Leifheit was the lead author of “Expiring Eviction Moratoriums and COVID-19 Incidence and Mortality,” a study cited by the Centers for Disease Control and Prevention in its order extending the federal moratorium on evictions.

The second study, written by a team of researchers at Duke University, claims nationwide moratoriums on evictions have reduced deaths from COVID-19 by 40%. It gained media attention and was cited twice by the Consumer Financial Protection Bureau in the Federal Register to justify its rule making.

These studies are deeply flawed.

Their underlying data is incomplete and inconsistent. Their results are implausible. The magnitude of the effect is extremely disproportionate to other public health interventions. The researchers also claim an absurd amount of certainty in their results despite the large uncertainties in the data they use, and they claim a causal effect based solely on correlation.

If the authors were right, they would make one of the greatest public health discoveries in history.

Consider that it took over a year and possibly $ 100 billion to develop and administer the COVID-19 vaccines, which researchers say will reduce COVID-19-related infections and deaths by an amount similar to what both studies claim can be accomplished immediately with simple legal changes on deportation moratoriums.

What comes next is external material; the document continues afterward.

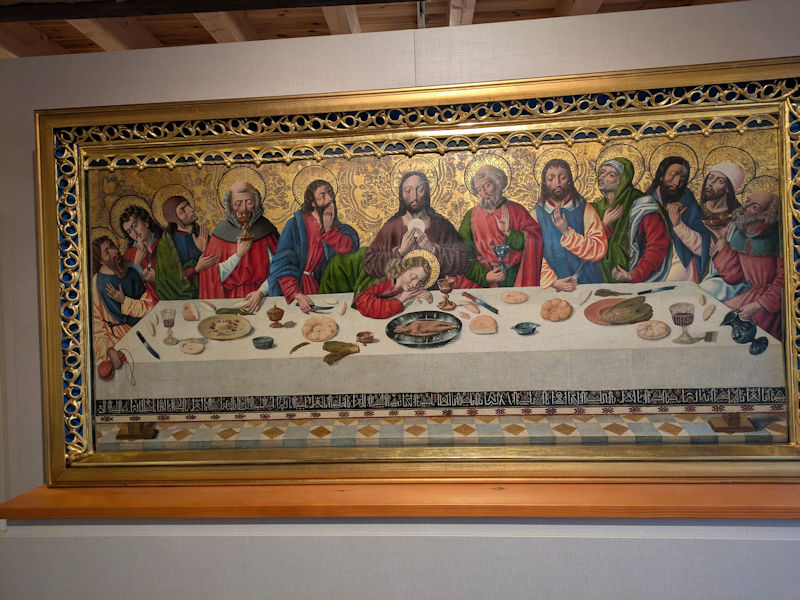 The Last Supper, solving the "where do you put the halo when they're facing away" problem, but Judas doesn't get a halo anyway. This is in the Museum Unterlinden in Colmar, with its fabulous collection of panels by Martin Schongauer (ca.1445-1491), a native son of Colmar [viewed in 2016].

Researchers struggled to demonstrate the benefits of masks, social distancing, and lockdowns from aggregated population data (evidence for the effectiveness of vaccinations and other measures comes from controlled studies on samples. , not correlations at the population level). Yet these researchers on the moratorium on evictions find great confidence in a gigantic immediate effect of a legal change affecting a small subset of the population, using only observational data at the population level.

The authors of the Duke study even declined to share their dataset or answer questions about apparent inconsistencies, on the grounds that the study was not peer reviewed. This is a violation of basic research ethics in the case of a study that the authors and Duke University widely promoted in the media and with government agencies to justify federal policies.

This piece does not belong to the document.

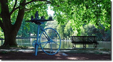An iconic character rides his bike to Hyde Park daily, with his cockatoo and chessboard. The figures on the chessboard represent the locals and their activities in the park. The breif required a small artwork accessible to children and those in wheelchairs.

Doing our best to replicate what we think the authors of Duke did, we find no significant relationship showing that moratoriums have reduced COVID-19, let alone anything of the size and certainty that claims the authors. Although they say all of their data comes from public sources – they decline to say which ones – many of their data entries are not available at the county level (which they need), nor for the period covered by the study. .

The available data are associated with a great deal of uncertainty, far greater than the uncertainty cited by the authors for their conclusions. The authors declined to explain how they can use input data with 30 to 100 percent errors to draw conclusions to three decimal places and claimed an uncertainty of less than 10 percent.

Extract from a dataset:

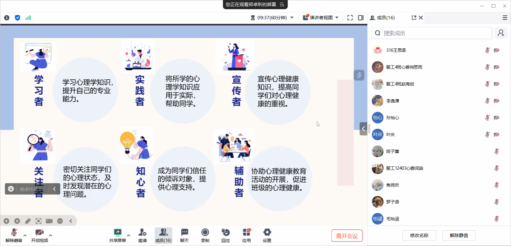 本次会议主要围绕心理委员展开讨论。新生踏入校园之际,往往会被迷茫、焦虑乃至抑郁等不良心理状况所困扰。在此情形下,心理委员的重要性便得以凸显,其肩负着为同学们排忧解难、疏导心理问题以及缓解压力的重任。无论是心理委员,还是依心小屋的成员,都理应积极主动地投入到解决这些心理问题的工作当中,通过温暖关怀,为同学们营造一个健康、和谐、积极向上的心理环境,助力他们顺利度过新生适应期,开启美好的校园生活篇章。

The UCLA study, on the other hand, is a transparent scientific reporting template, with all data and methodologies leaked, though the lead author also declined to answer our questions about the inconsistencies.

These two flawed studies have strongly influenced federal and state public policies on deportation moratoria. They justified a series of temporary measures that impacted the livelihoods of landlords across the country by denying them legal recourse to enforce their contracts and reducing the supply of rental housing to financially struggling households.

As we are going to involve scientific researchers in policy discussions, we should focus on issues that have been explored by many people who openly share data and argue until there is consensus among the experts. These shoddy one-off studies are just ammunition for people who wish to put a link saying “studies prove” in their otherwise completely speculative articles.

Aaron Brown teaches statistics at New York University and the University of California at San Diego. Justin Monticello is a senior producer at ReasonTV.